Kathy Baylor, a New York-based researcher for Trendwatching.com, says Japan's influence as the "leading exporter of pop culture cool" can be seen in Quentin Tarantino's Kill Bill films, the adaptation of the Japanese horror hit The Ring and the burgeoning popularity of Japanese director Beat Takeshi's movies. US director Sofia Coppola made the hit film Lost In Translation to convey how much she loved Tokyo.
The Japanese culture of kawaii or "cuteness" is increasingly pervasive in the West, too. Think of the Hello Kitty cat design, which has been around for 30 years now. Japanese teenage girls and women in their 20s are now such an important yardstick for pop culture marketeers because they're in the right place with cash to spare, says Baylor. Japanese tradition holds that a girl live rent-free with her parents until she marries. As a result, says Baylor, you get a human "demo with lots of expendable income".

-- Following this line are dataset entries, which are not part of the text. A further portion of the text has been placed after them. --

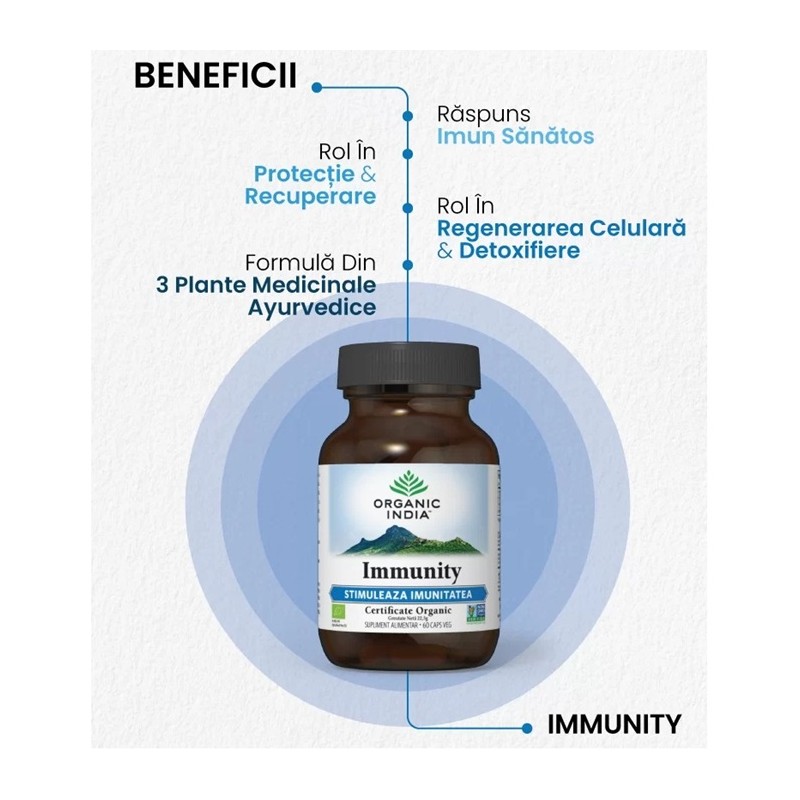 ORGANIC INDIA Immunity, Imunomodulator Natural confera un raspuns imun puternic la infectii, la actiunea radicalilor liberi, a toxinelor si a stresului. Stimuleaza functiile sistemului imunitar, revitalizeaza organismul si sustine procesele naturale de detoxifiere. Bogat in antioxidanti, ORGANIC INDIA Immunity, Imunomodulator Natural combate stresul, sustine functiile ficatului si intareste sistemul imunitar.
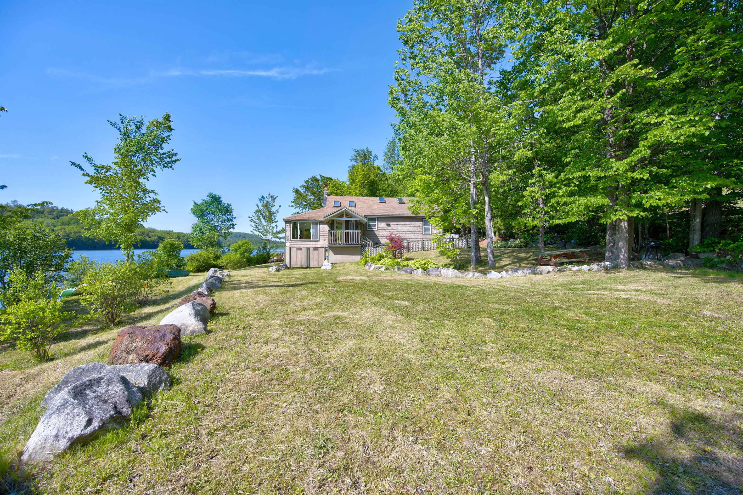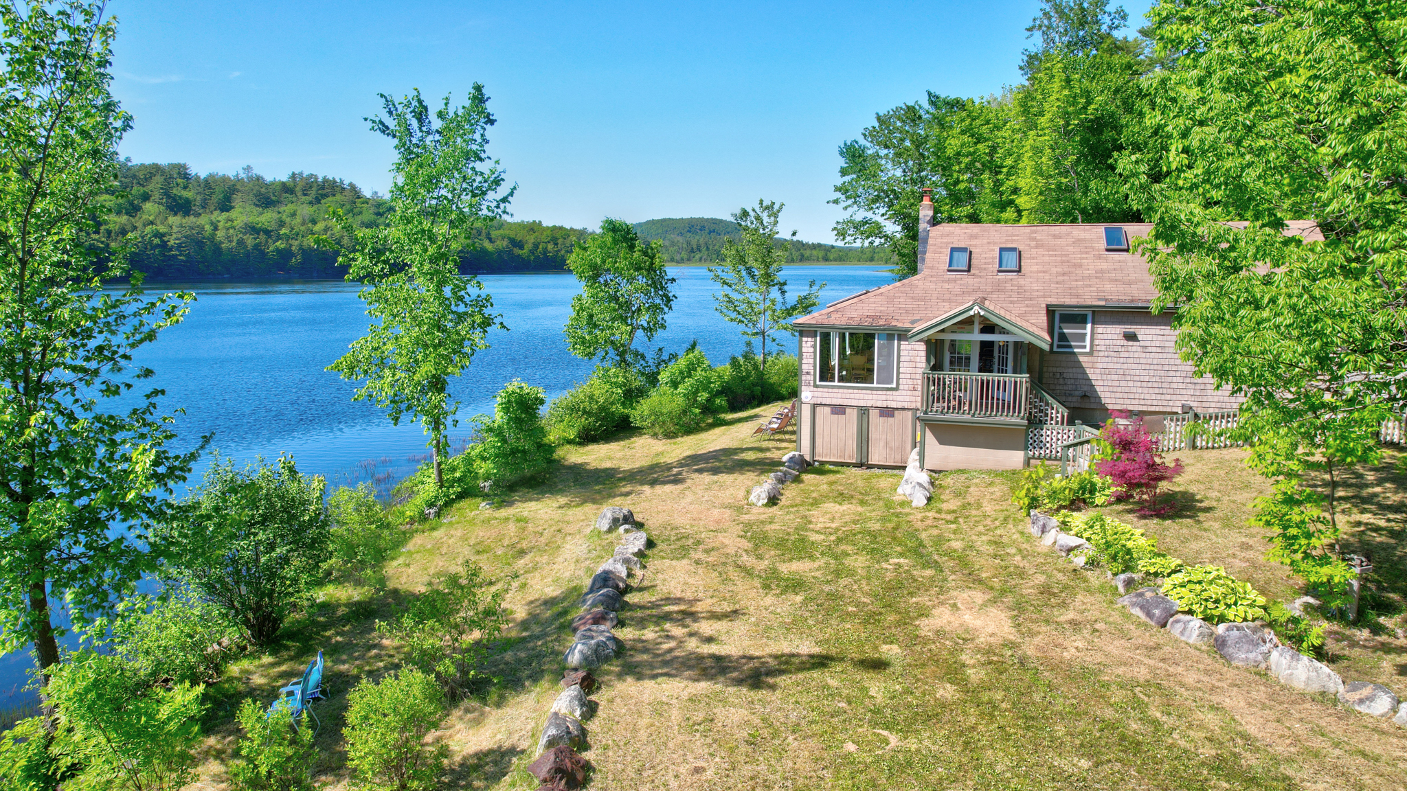 Gorgeous 180 degree vistas of Long Pond with floor to ceiling picturesque windows and 6 skylights! This lovely cottage sits 35’ feet from water's-edge and sleeps 4. Swim, have a fire or just relax inside while watching the Long Pond wildlife from all angles. Day trip to Bar Harbor, Acadia National Park, Blue Hill, Belfast and more along the coast of Maine. Incredible views from windows and skylights give you the feeling of being outdoors while enjoying any kind of weather during your stay! Dining or relaxing on the interior gives one a sense of being in a houseboat or on a cruise ship, or even feel as if you are outdoors, yes, it’s that close to the water’s edge!
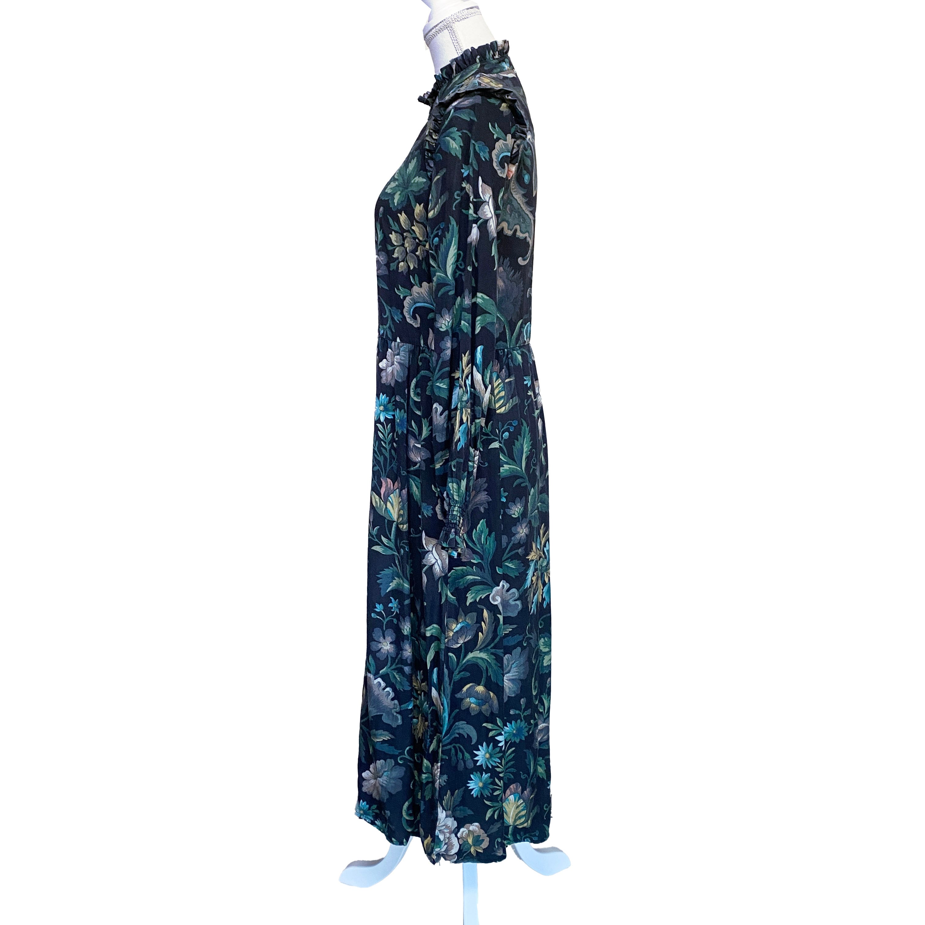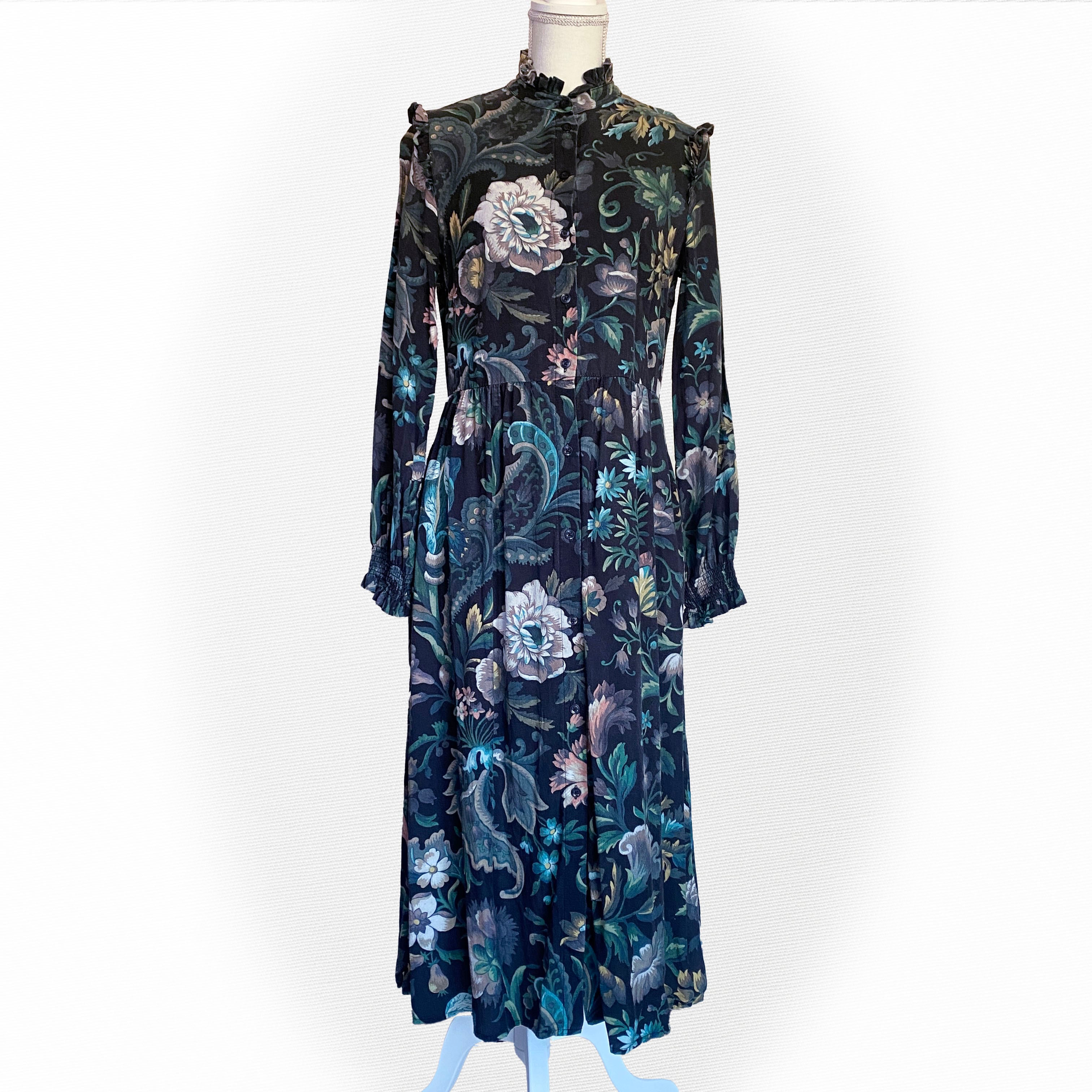 長袖のロングドレスで大き目の花の総柄ですが、色味のせいか落ち着いた印象の一枚です。

If Generation Xers and baby-boomers fear they're missing the tsunami, consider what you might not have recognised as vintage anime and manga that has influenced the current wave. The late Osamu Tezuka, dubbed the God of Japanese comics, created Astroboy and Kimba The White Lion, seen on Australian screens at various times since the 1960s.
While Japanese academic studies in Australia boomed in the 1980s and early 1990s, fewer Australians have been learning the language since 1996. Armor says while the popularity of Japanese pop culture is rising here via English translations, learning the language helps students better understand the ideas and ideology behind manga and anime.
Worldwide, however, the Marubeni Institute estimates there are 3 million people outside Japan learning Japanese. Kinokuniya, the Japanese multinational book store, has seen manga sales rise 400 per cent in the two years its branch has been open in George Street, says the store's comics consultant Wai Chew Chan.
The most popular titles are anime tie-ins: Naruto, the ninja student; Rurouni Kenshin, a samurai epic, and Love Hina, a 14-volume epic about a man who inherits his grandmother's bathhouse, of all things. Chan says teenagers half of whom are Caucasian are the biggest buyers.
Whether the trend in Australia could ever mimic Tokyo, where commuters buy manga as often as newspapers, is unlikely, given manga is mass produced and thus cheaper in Japan. But the boom is undeniably here. The manga stories are prized for being long, engaging and often slowly paced. "I don't think it's a fad," says Chan. "People are learning to see comics as a way of reading."